Items from a data source:
+ + + + +
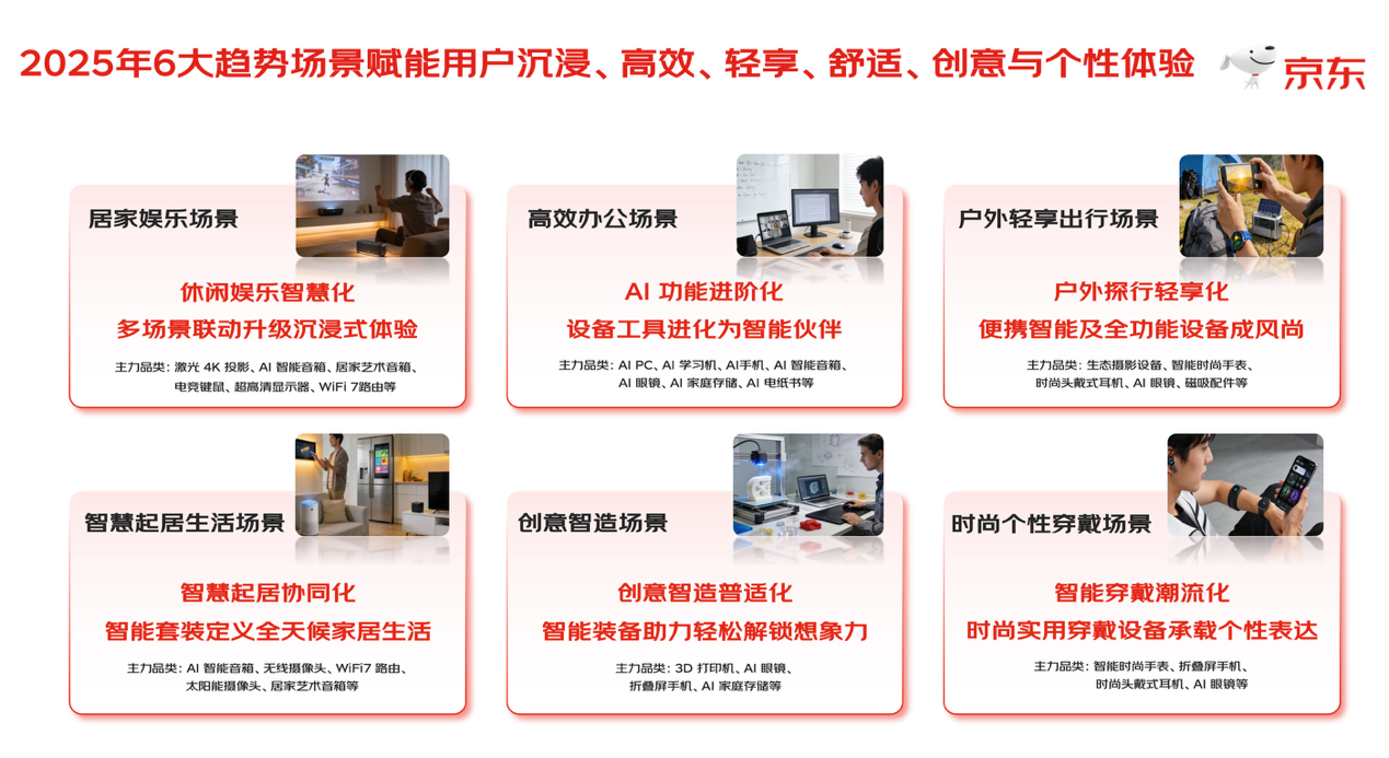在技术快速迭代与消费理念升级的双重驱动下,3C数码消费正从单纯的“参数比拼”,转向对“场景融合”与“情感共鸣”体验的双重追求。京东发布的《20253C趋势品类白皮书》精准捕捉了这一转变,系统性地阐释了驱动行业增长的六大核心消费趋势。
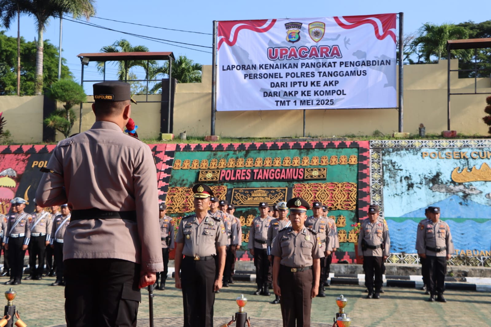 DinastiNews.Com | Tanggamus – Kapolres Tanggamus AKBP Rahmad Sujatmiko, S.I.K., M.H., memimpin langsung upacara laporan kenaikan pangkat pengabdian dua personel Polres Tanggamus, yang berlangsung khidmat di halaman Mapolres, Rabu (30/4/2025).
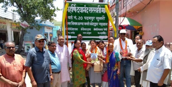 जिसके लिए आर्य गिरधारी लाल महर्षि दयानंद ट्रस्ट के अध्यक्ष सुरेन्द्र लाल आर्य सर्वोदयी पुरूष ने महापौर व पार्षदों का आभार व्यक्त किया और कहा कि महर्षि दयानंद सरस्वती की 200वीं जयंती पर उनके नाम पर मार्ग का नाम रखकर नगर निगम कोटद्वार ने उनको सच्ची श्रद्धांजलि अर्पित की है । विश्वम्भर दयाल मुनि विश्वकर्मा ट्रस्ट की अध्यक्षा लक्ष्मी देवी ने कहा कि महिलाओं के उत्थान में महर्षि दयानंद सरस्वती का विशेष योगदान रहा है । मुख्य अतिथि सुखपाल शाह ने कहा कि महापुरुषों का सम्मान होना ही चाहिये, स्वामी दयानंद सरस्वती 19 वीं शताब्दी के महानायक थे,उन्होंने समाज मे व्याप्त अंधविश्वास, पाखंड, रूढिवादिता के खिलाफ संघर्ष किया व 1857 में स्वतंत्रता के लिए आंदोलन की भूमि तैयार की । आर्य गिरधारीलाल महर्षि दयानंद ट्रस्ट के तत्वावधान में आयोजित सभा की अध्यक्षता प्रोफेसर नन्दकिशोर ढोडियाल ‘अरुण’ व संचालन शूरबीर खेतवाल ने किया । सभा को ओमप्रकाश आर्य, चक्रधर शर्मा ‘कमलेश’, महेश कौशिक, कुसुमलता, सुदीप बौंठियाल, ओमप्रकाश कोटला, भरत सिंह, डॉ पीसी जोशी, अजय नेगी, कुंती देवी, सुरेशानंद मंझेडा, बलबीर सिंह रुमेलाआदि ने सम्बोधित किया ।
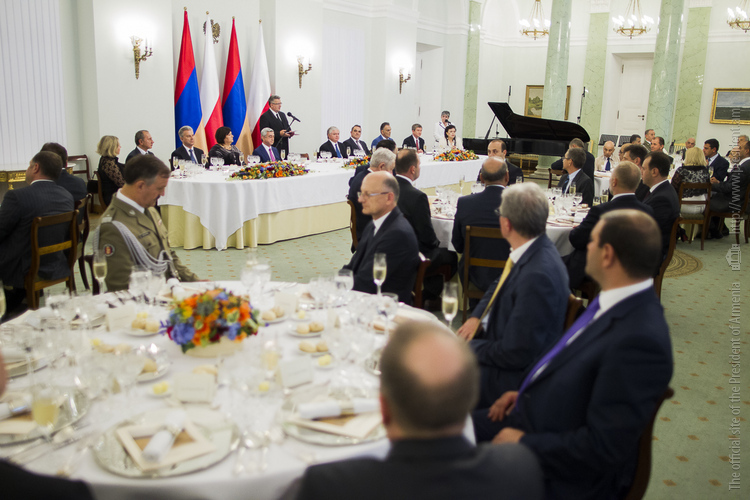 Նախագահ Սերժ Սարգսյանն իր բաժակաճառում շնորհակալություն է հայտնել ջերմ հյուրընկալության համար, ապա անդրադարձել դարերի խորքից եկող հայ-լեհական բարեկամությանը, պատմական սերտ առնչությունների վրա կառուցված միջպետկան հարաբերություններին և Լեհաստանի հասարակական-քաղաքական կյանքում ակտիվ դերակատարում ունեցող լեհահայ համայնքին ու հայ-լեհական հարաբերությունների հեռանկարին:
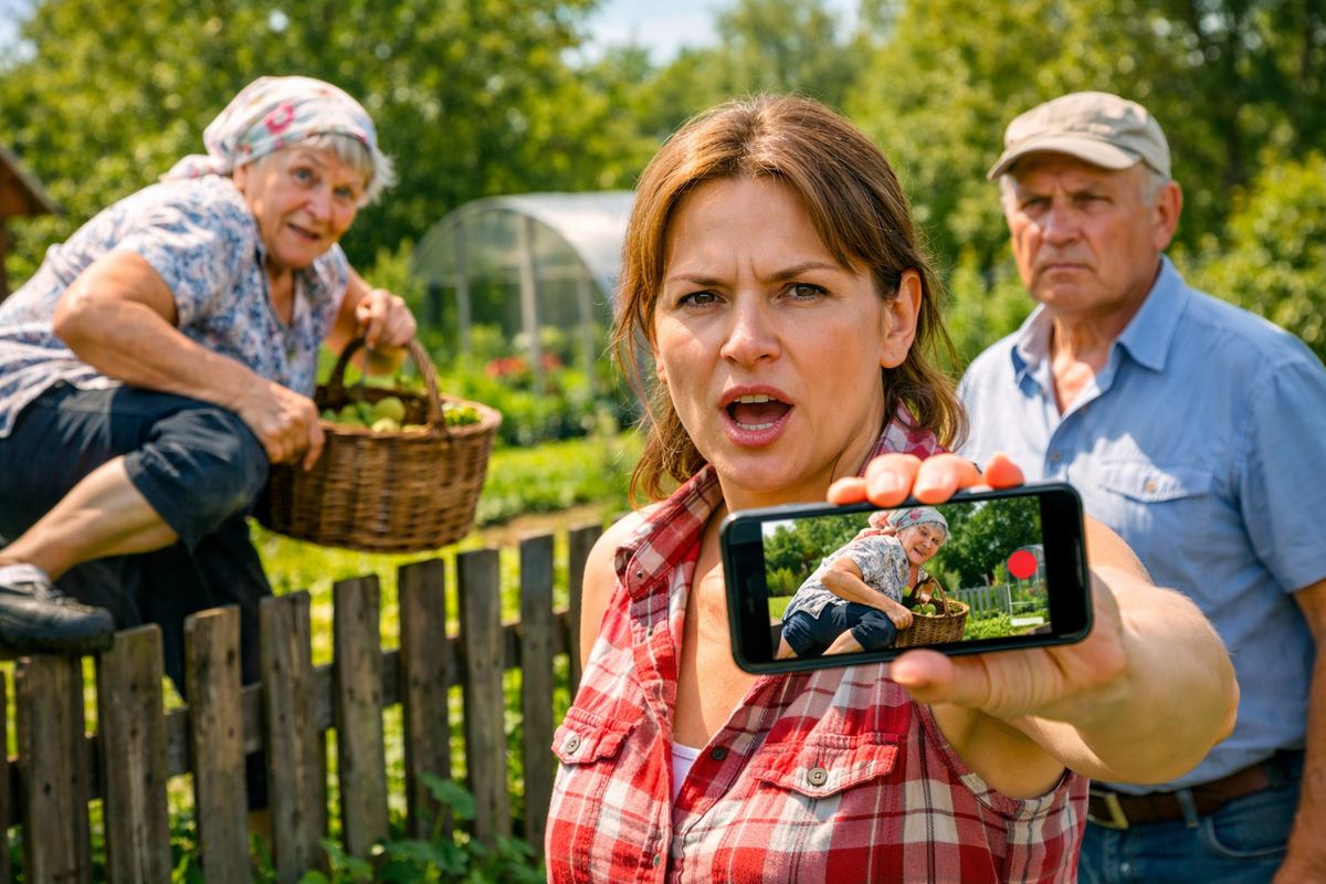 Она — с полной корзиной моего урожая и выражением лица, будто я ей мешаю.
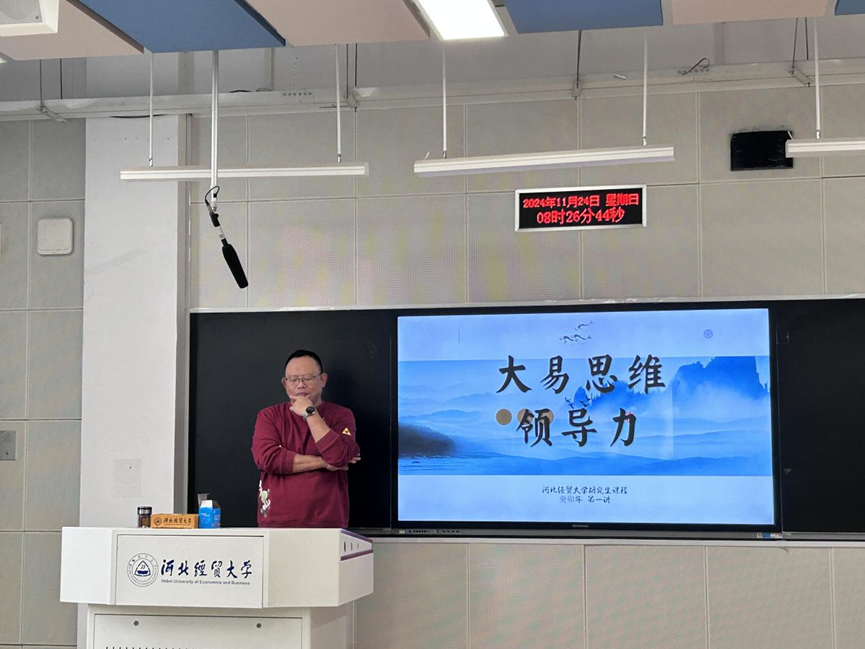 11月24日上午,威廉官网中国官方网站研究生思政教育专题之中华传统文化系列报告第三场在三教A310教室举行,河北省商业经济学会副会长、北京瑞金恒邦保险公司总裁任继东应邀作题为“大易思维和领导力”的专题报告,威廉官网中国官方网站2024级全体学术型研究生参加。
+ + + + +
- **Work item**
The records above are to be transcribed in full, with images omitted.

- **Result for this exercise**
在技术快速迭代与消费理念升级的双重驱动下,3C数码消费正从单纯的“参数比拼”,转向对“场景融合”与“情感共鸣”体验的双重追求。京东发布的《20253C趋势品类白皮书》精准捕捉了这一转变,系统性地阐释了驱动行业增长的六大核心消费趋势。
 DinastiNews.Com | Tanggamus – Kapolres Tanggamus AKBP Rahmad Sujatmiko, S.I.K., M.H., memimpin langsung upacara laporan kenaikan pangkat pengabdian dua personel Polres Tanggamus, yang berlangsung khidmat di halaman Mapolres, Rabu (30/4/2025).
 जिसके लिए आर्य गिरधारी लाल महर्षि दयानंद ट्रस्ट के अध्यक्ष सुरेन्द्र लाल आर्य सर्वोदयी पुरूष ने महापौर व पार्षदों का आभार व्यक्त किया और कहा कि महर्षि दयानंद सरस्वती की 200वीं जयंती पर उनके नाम पर मार्ग का नाम रखकर नगर निगम कोटद्वार ने उनको सच्ची श्रद्धांजलि अर्पित की है । विश्वम्भर दयाल मुनि विश्वकर्मा ट्रस्ट की अध्यक्षा लक्ष्मी देवी ने कहा कि महिलाओं के उत्थान में महर्षि दयानंद सरस्वती का विशेष योगदान रहा है । मुख्य अतिथि सुखपाल शाह ने कहा कि महापुरुषों का सम्मान होना ही चाहिये, स्वामी दयानंद सरस्वती 19 वीं शताब्दी के महानायक थे,उन्होंने समाज मे व्याप्त अंधविश्वास, पाखंड, रूढिवादिता के खिलाफ संघर्ष किया व 1857 में स्वतंत्रता के लिए आंदोलन की भूमि तैयार की । आर्य गिरधारीलाल महर्षि दयानंद ट्रस्ट के तत्वावधान में आयोजित सभा की अध्यक्षता प्रोफेसर नन्दकिशोर ढोडियाल ‘अरुण’ व संचालन शूरबीर खेतवाल ने किया । सभा को ओमप्रकाश आर्य, चक्रधर शर्मा ‘कमलेश’, महेश कौशिक, कुसुमलता, सुदीप बौंठियाल, ओमप्रकाश कोटला, भरत सिंह, डॉ पीसी जोशी, अजय नेगी, कुंती देवी, सुरेशानंद मंझेडा, बलबीर सिंह रुमेलाआदि ने सम्बोधित किया ।
 Նախագահ Սերժ Սարգսյանն իր բաժակաճառում շնորհակալություն է հայտնել ջերմ հյուրընկալության համար, ապա անդրադարձել դարերի խորքից եկող հայ-լեհական բարեկամությանը, պատմական սերտ առնչությունների վրա կառուցված միջպետկան հարաբերություններին և Լեհաստանի հասարակական-քաղաքական կյանքում ակտիվ դերակատարում ունեցող լեհահայ համայնքին ու հայ-լեհական հարաբերությունների հեռանկարին:
 Она — с полной корзиной моего урожая и выражением лица, будто я ей мешаю.
 11月24日上午,威廉官网中国官方网站研究生思政教育专题之中华传统文化系列报告第三场在三教A310教室举行,河北省商业经济学会副会长、北京瑞金恒邦保险公司总裁任继东应邀作题为“大易思维和领导力”的专题报告,威廉官网中国官方网站2024级全体学术型研究生参加。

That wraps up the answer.